Free agent
- Shortstop
- Born: April 18, 1998 (age 27) Atlanta, Georgia, U.S.
- Bats: RightThrows: Right
- Stats at Baseball Reference

= Will Holland (baseball, born 1998) =

American baseball player (born 1998)

William Christopher Holland (born April 18, 1998) is an American professional baseball shortstop who is a free agent.

==Amateur career==
Holland graduated from Collins Hill High School in Suwanee, Georgia. As a senior, he hit .436 with two home runs and 13 stolen bases. Undrafted out of high school in the 2016 Major League Baseball draft, he enrolled at Auburn University to play college baseball for the Auburn Tigers.

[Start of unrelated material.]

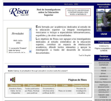
Figura 2- Red de Investigadores sobre la Educación Superior

A RIFAD 6 (Rede Iberoamericana de Formação e Atualização Docente, da Espanha) surge como resposta à criação de canais estáveis de comunicação entre os profissionais preocupados com a formação e atualização dos docentes iberoamericanos.

As a freshman at Auburn in 2017, Holland batted .209 with three home runs and 18 RBI in 45 games. He was named the SEC Freshman of the Week for the week of March 13–19 after going 6 for 15 at the plate, hitting one home run with four RBI and three runs scored. He played in the Perfect Game Collegiate Baseball League that summer. In 2018, as a sophomore, Holland had a breakout year in which he slashed .313/.406/.530 with 12 home runs and 52 RBI in 66 games. He was named to the All-SEC Second Team and to the ABCA All-South Region Team. After the season, he played in the Cape Cod Baseball League for the Hyannis Harbor Hawks along with playing for the USA Baseball Collegiate National Team. Prior to the 2019 season, Holland was named a preseason All-American by multiple outlets including Perfect Game and D1Baseball.com. He struggled his junior year, finishing the season batting .246 with nine home runs and 35 RBI over 64 games.

==Professional career==
Holland was selected by the Minnesota Twins in the fifth round (149th overall) of the 2019 Major League Baseball draft, and he signed for $575,000. He made his professional debut with the Elizabethton Twins of the Rookie-level Appalachian League, batting .192 with seven home runs, 16 RBI, and eight stolen bases over 36 games. He did not play a minor league game in 2020 since the season was cancelled due to the COVID-19 pandemic. For the 2021 season, Holland was assigned to the Fort Myers Mighty Mussels of the Low-A Southeast, slashing .214/.336/.401 with ten home runs, 27 RBI, and 19 stolen bases over 76 games. He was assigned to the Cedar Rapids Kernels of the High-A Midwest League to begin the 2022 season. In early August, he was promoted to the Wichita Wind Surge of the Double-A Texas League. Over 116 games between the two teams, he slashed .227/.339/.366 with nine home runs, 49 RBI, and 32 stolen bases. Holland returned to Wichita for the 2023 season, playing in 101 games and batting .197 with five home runs, 35 RBI, and thirty stolen bases.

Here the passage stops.